These baseline models provide a comprehensive set of comparisons that range from basic to advanced methodologies, enabling us to thoroughly evaluate the performance improvements offered by our approach. Through these comparisons, we aim to demonstrate the superior capability of our model in leveraging complex, dynamic relationships within the financial domain to deliver more accurate and relevant stock recommendations.

5.7. Training Parameters

Our model, sets the window size to 5 in training FastText, the embedding size to 300, and the vocabulary size to 100,000. The mini-batch size is 50. We set the learning rate for Adam to 0.01 and apply gradient clipping to prevent gradient explosion and vanishing during training.

5.8. Metrics

We evaluated the algorithms using four key performance metrics to assess the effectiveness and precision of our recommendation system across different aspects:
First, we use the Mean Average Precision (MAP), which provides a single-figure measure of quality across recall levels. It involves averaging the precision obtained after each relevant document is retrieved, and then computing the mean of these average precisions across all queries. This metric is crucial for understanding the average effectiveness of our algorithm at retrieving relevant items across all possible recall levels.
Second, we report Precision at K (P@K), specifically precision at 5 and 10 (P@5, P@10). This metric evaluates the proportion of recommended items in the top-k set that are relevant. P@5 and P@10 are important as they help us understand the accuracy of the algorithm in its topmost recommendations, which is essential for ensuring user satisfaction in practical applications where only the top few recommendations are typically considered.
Third, we use Recall at 30 (R@30) to measure the proportion of relevant items that are retrieved in the top 30 recommendations.
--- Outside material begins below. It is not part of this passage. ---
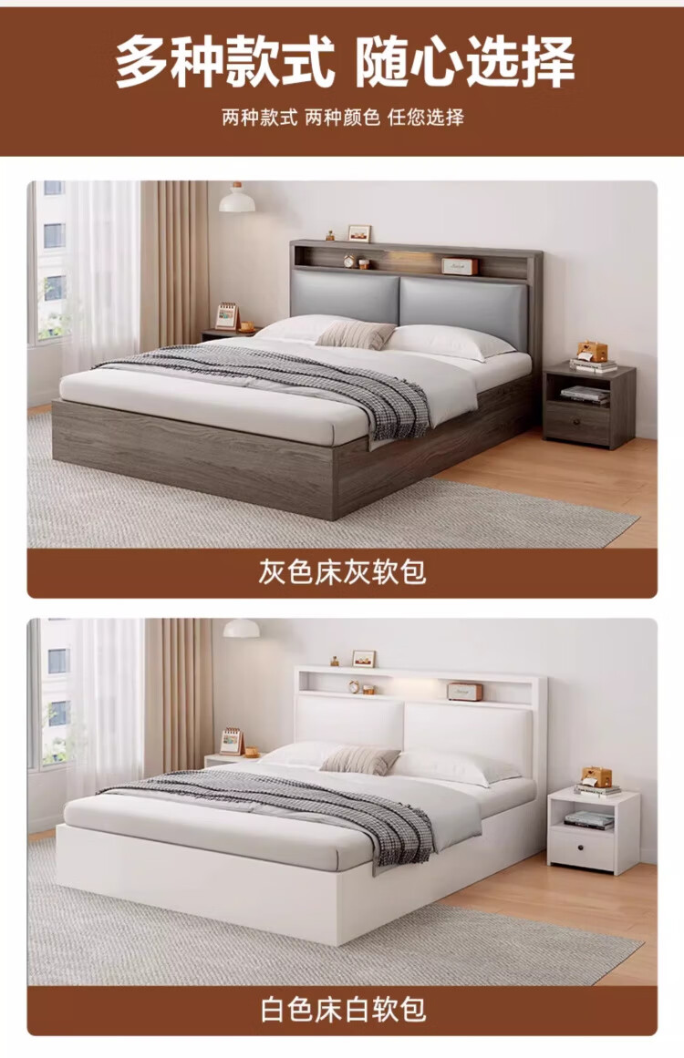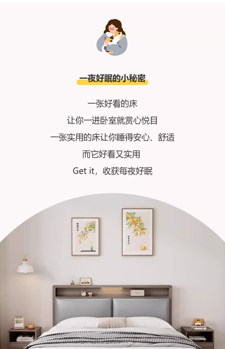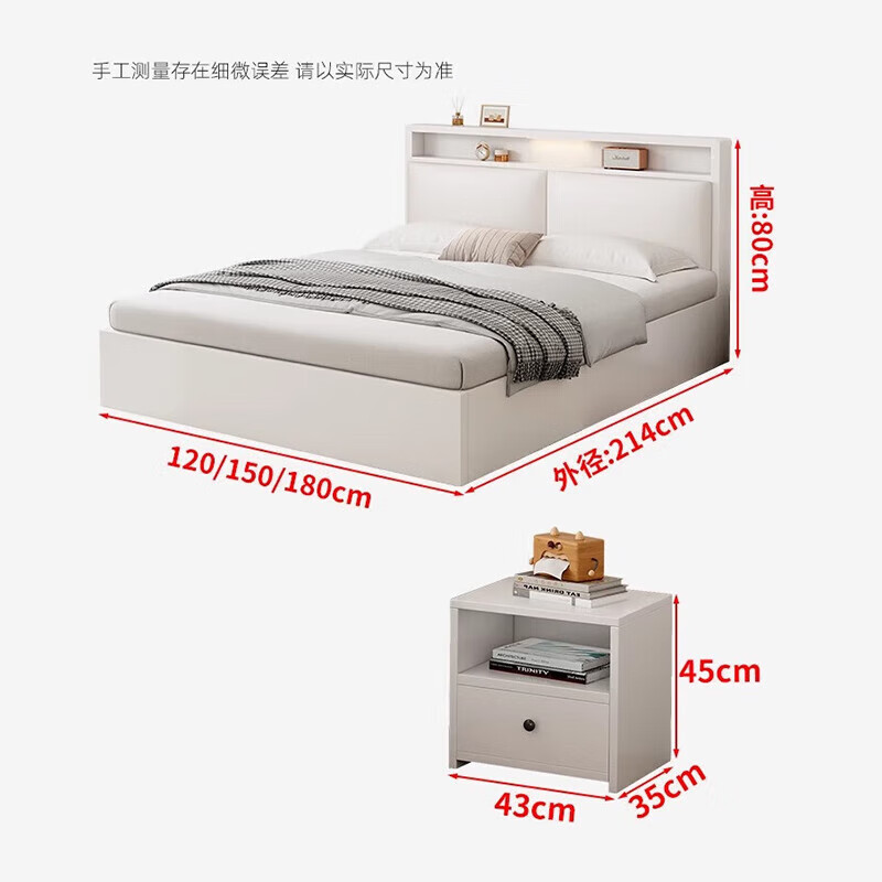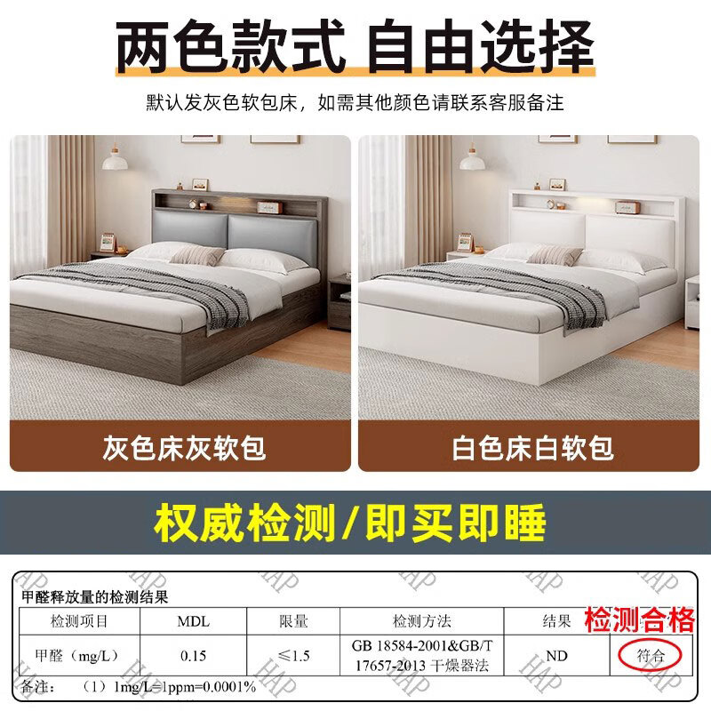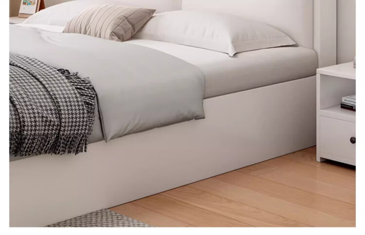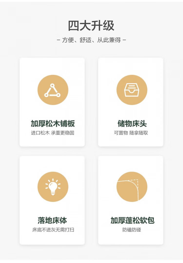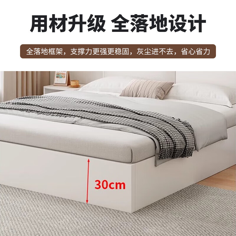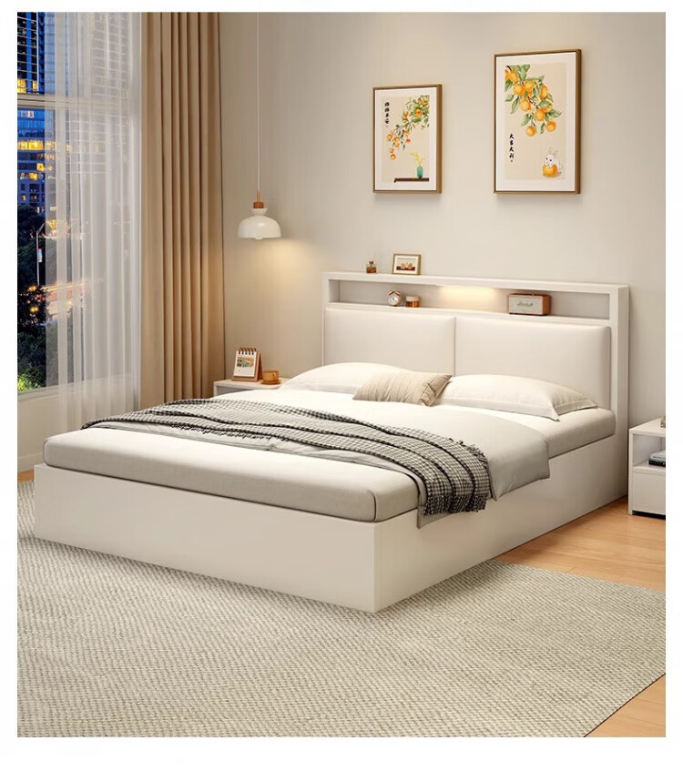 迎裕财实木床简约现代主卧家用单人床出租房用软包 暖白色单床 1.8*2米

This metric assesses the capability of the algorithm to retrieve a larger set of relevant items, which is important for scenarios where offering a wider array of potential interests is necessary.
These metrics collectively provide a thorough evaluation of both the precision and the recall capabilities of our algorithms, offering a balanced view of their performance in practical scenarios. This suite of metrics is integral to our continuous optimization processes for enhancing recommendation effectiveness.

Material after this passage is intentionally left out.